Step four - Diagnosis and determine path to resolution
- Determine the root cause
- Go wide, then go deep. First verify the overall state of the system. Is it a particular API endpoint that is unavailable, or the whole API? Isolate what parts of the system are actually affected.
- Rule out external factors. Given the nature of vets-api as a facade over other VA systems, check whether any relevant upstream dependencies are unavailable or experiencing elevated error rates. In this case the likely response process will be to notify the team responsible for the upstream system, and if possible, set a maintenance window in PagerDuty to trigger the downtime notification mechanism.
- Don't forget about non-API dependencies such as the VA network gateways that sit in front of our backend services. If these are experiencing an issue it's almost certainly also affecting VA.gov and possibly the VA as a whole.
- Look for what changed. If a behavior began suddenly, determine if anything changed recently that can account for it - did an API deployment occur? Did the Web Platform operations team change some infrastructure?
- Look inward. Is there something we did that caused the issue? Sometimes certs expire and upstream terms of services need to be accepted without our knowledge.
- Refer to Triaging an Incident steps as necessary
- The incident commander should capture notes, discussions, and other items (screenshots, log messages, etc.) that can act as a part of the record of the incident for later reporting to stakeholders, and to assist the team when a retrospective is conducted.
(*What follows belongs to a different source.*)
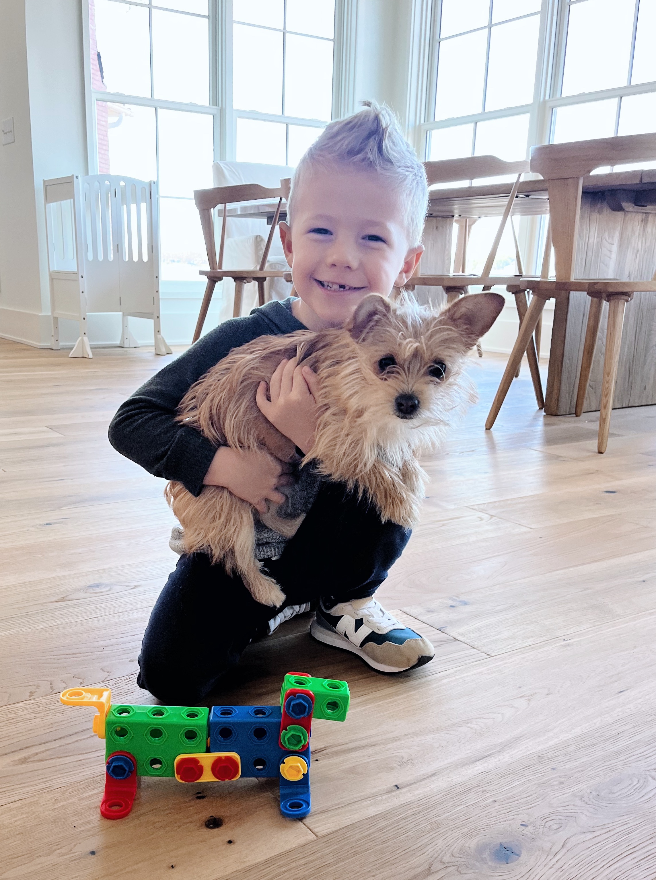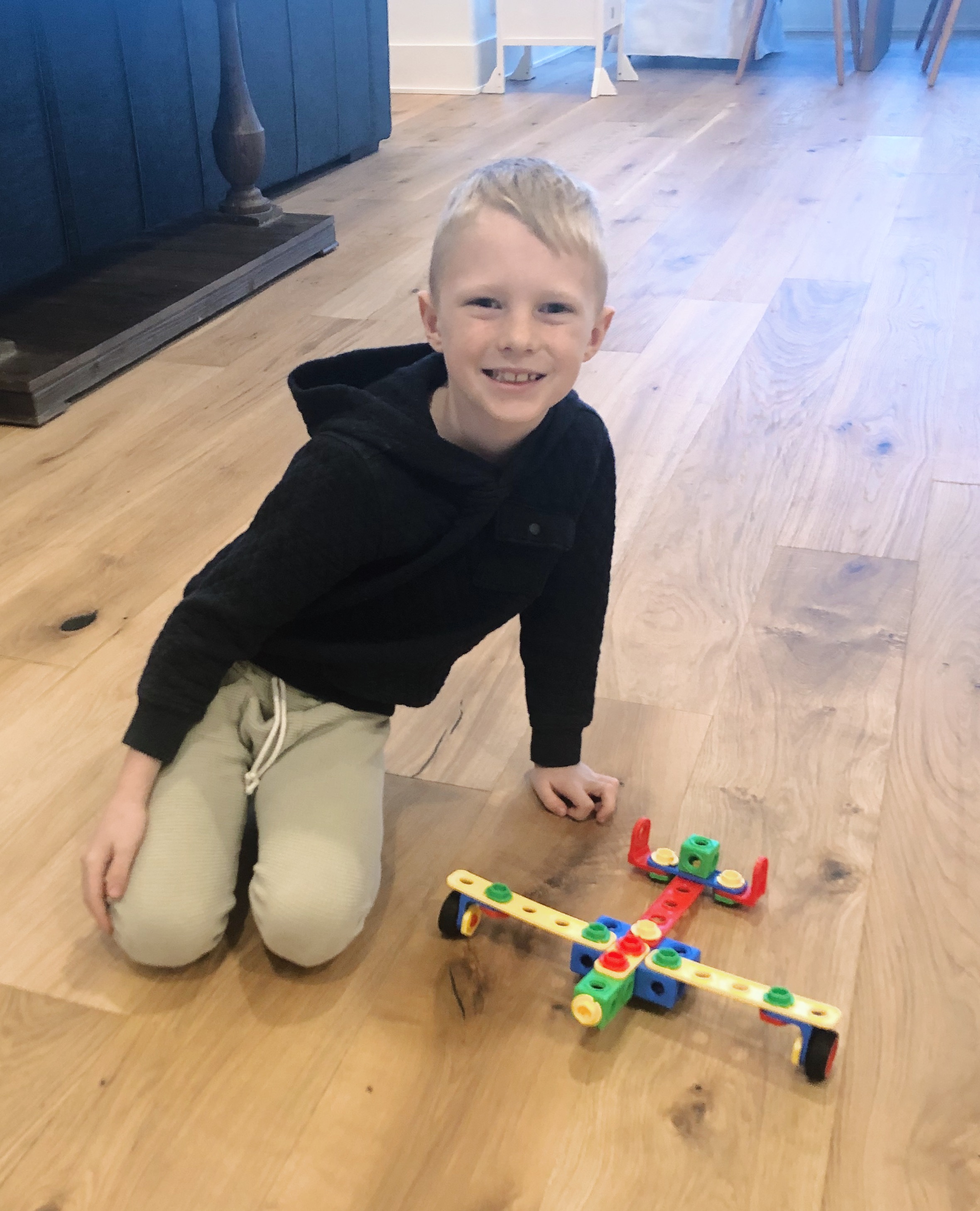 We’ve had Brickyard Building Blocks for the boys for years (a gift from our friend Pete!) and while our boys have always enjoyed playing with them, lately their interest has skyrocketed ever since we found the inspiration booklet for the blocks during our move. They’ve previously enjoyed coming up with their own creations (usually some kind of a car) but now that they have inspiration pictures to follow, they’ve been passionately creating robots, dogs, airplanes, motorcycles and more. Ryder has always been super into puzzles and building and this almost seems like a 3-D puzzle to him! Chase loves creating new things he can incorporate into imaginative play so they’ve been a huge hit for him as well. I just love it when something old starts to feel new again!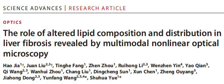2023年1月13日,《Science Advances》以Research Article的形式发表了北京亚洲成人在线一二三四五六区生物与医学工程学院北京生物医学工程高精尖中心、生物力学与力学生物学教育部重点实验室岳蜀华副教授课题组和北京清华长庚医院肝胆胰中心董家鸿院士、王韫芳研究员课题组合作的最新研究成果“The role of altered lipid composition and distribution in liver fibrosis revealed by multimodal nonlinear optical microscopy”。岳蜀华课题组的博士研究生贾浩和王韫芳课题组的柳娟博士为该论文的共同第一作者,岳蜀华和王韫芳为论文的共同通讯作者,北京亚洲成人在线一二三四五六区为该论文的第一单位、第一通讯单位。

- Consider the Amount of time to next natural release
- Recommendation for mitigation and any applicable execution
- The Incident Commander continues to communicate the current state and process in the incident thread with relevant details
Step Five - After incident
A post-mortem report and retro are required for incidents which
- are determined to be Critical or High priority, including those which involve the security of a system or a Veteran's data
- require the use of a playbook
- impact a significant portion of the userbase
- persists for a significant period of time
- requires out-of-app coordination or an out-of-band app release
- OCTO leadership requests
Post Mortems The goal of the postmortem is not to assign blame, but to improve our ability to prevent, detect, and respond to future incidents. Possible follow-up actions that may result include adding additional monitoring, adding implementation safeguards, tuning alerts, adding documentation, and refining inter-team communication processes.
- Follow the instructions to create a postmortem document and get a draft up within 24 hours.
- Follow the instructions for the Incident Retrospective process
- Ensure that your team’s VA points of contact are aware of the incident resolution and given a chance to review the post-mortem as well as the VA Platform’s points of contact (Steve Albers and Erika Washburn)
- If the incident is such that it may occur again in the future – or if it follows a theme common to incidents in the past – add the incident and the steps to resolve it as a Mobile Incident Response Play.